=== Stored data entries ===
BEGIN

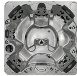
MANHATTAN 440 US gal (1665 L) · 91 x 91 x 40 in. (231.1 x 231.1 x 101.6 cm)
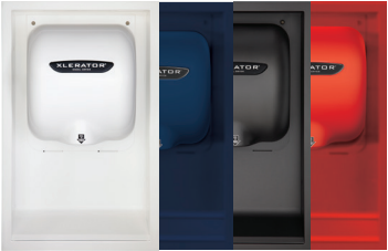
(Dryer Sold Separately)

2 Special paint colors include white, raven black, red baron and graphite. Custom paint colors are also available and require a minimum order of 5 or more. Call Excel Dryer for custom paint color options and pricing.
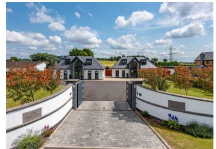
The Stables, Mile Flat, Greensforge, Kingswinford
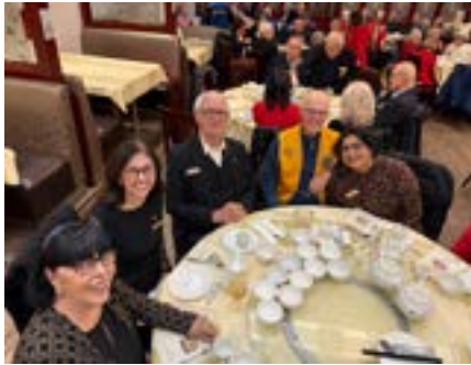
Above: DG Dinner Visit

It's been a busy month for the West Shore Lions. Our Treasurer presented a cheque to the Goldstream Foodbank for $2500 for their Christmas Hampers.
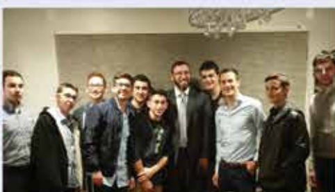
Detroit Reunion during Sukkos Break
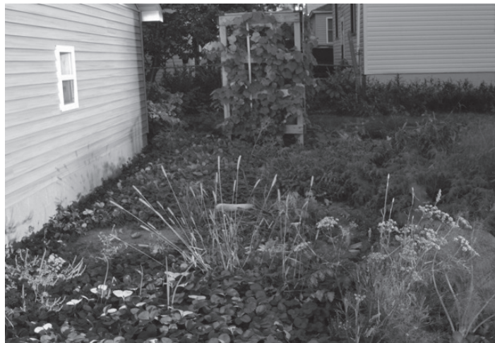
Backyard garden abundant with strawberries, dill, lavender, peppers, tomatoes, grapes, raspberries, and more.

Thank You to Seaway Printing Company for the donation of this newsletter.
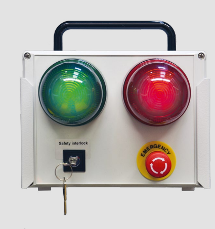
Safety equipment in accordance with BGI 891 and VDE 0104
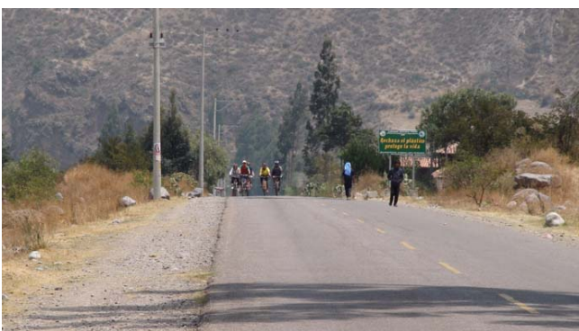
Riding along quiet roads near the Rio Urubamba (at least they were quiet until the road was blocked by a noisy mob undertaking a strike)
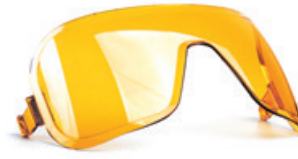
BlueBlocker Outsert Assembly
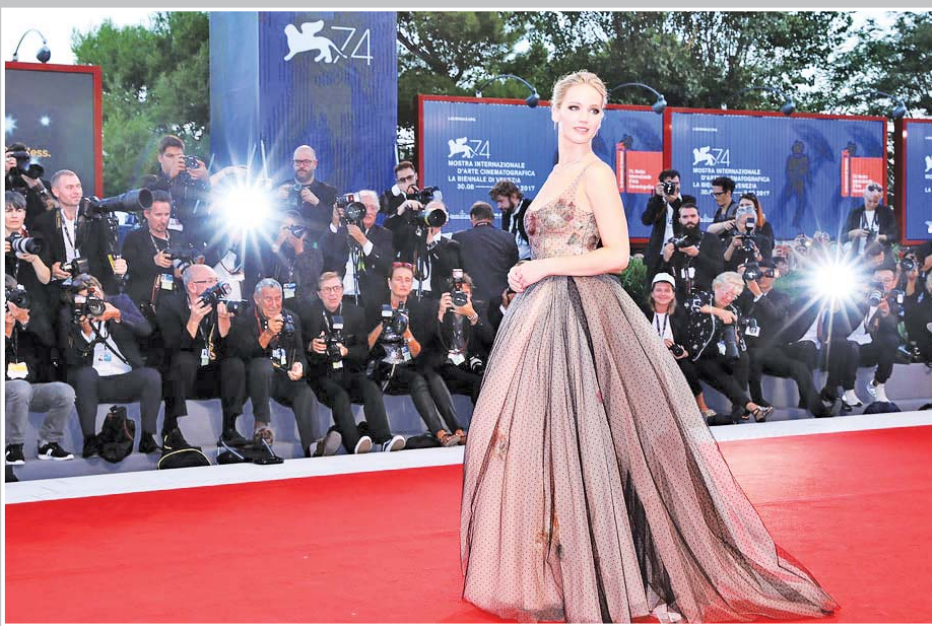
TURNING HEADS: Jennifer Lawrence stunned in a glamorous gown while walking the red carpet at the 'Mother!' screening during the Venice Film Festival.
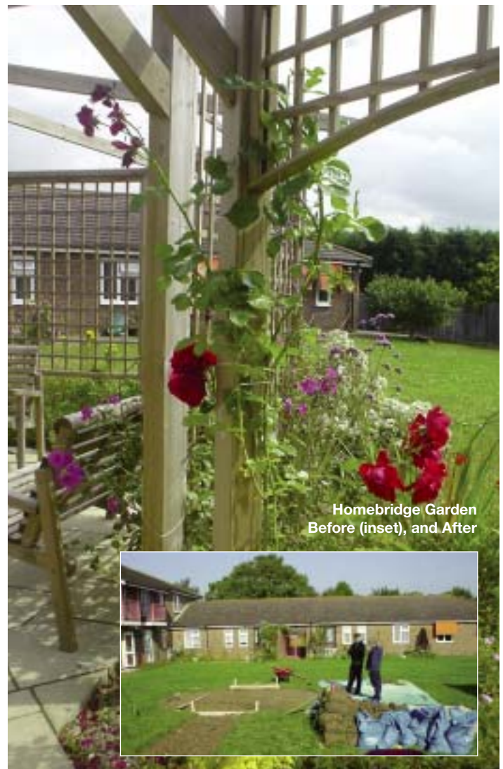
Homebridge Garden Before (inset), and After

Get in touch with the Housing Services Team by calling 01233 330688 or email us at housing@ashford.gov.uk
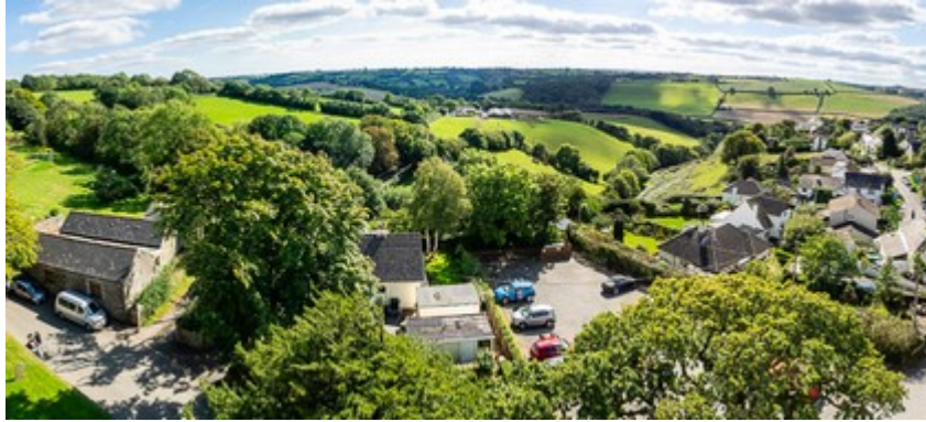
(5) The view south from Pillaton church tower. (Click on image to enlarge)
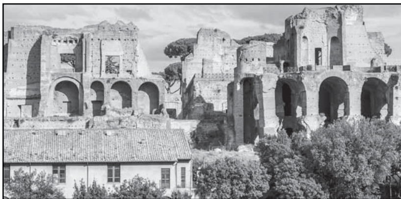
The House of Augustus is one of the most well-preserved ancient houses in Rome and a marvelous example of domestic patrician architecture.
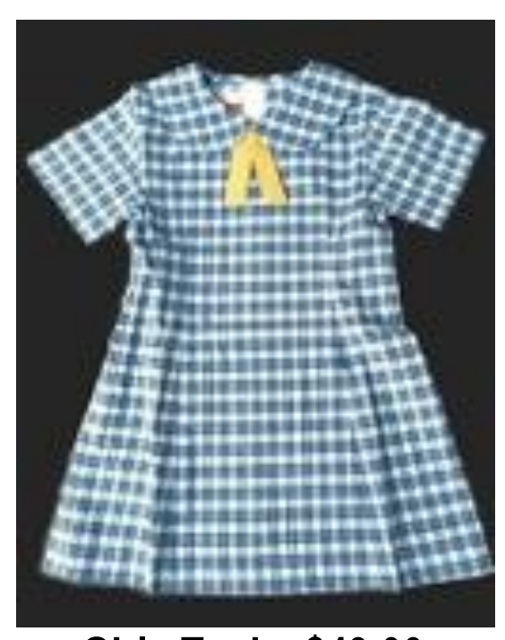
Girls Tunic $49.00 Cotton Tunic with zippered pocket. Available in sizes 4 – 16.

END

=== TASK TO COMPLETE ===
Please reproduce, exactly as they appear above, the lines from the line containing "(Dryer Sold Separately)" up to and including the line containing "2 Special paint".

=== OUTPUT ===
(Dryer Sold Separately)

2 Special paint colors include white, raven black, red baron and graphite. Custom paint colors are also available and require a minimum order of 5 or more. Call Excel Dryer for custom paint color options and pricing.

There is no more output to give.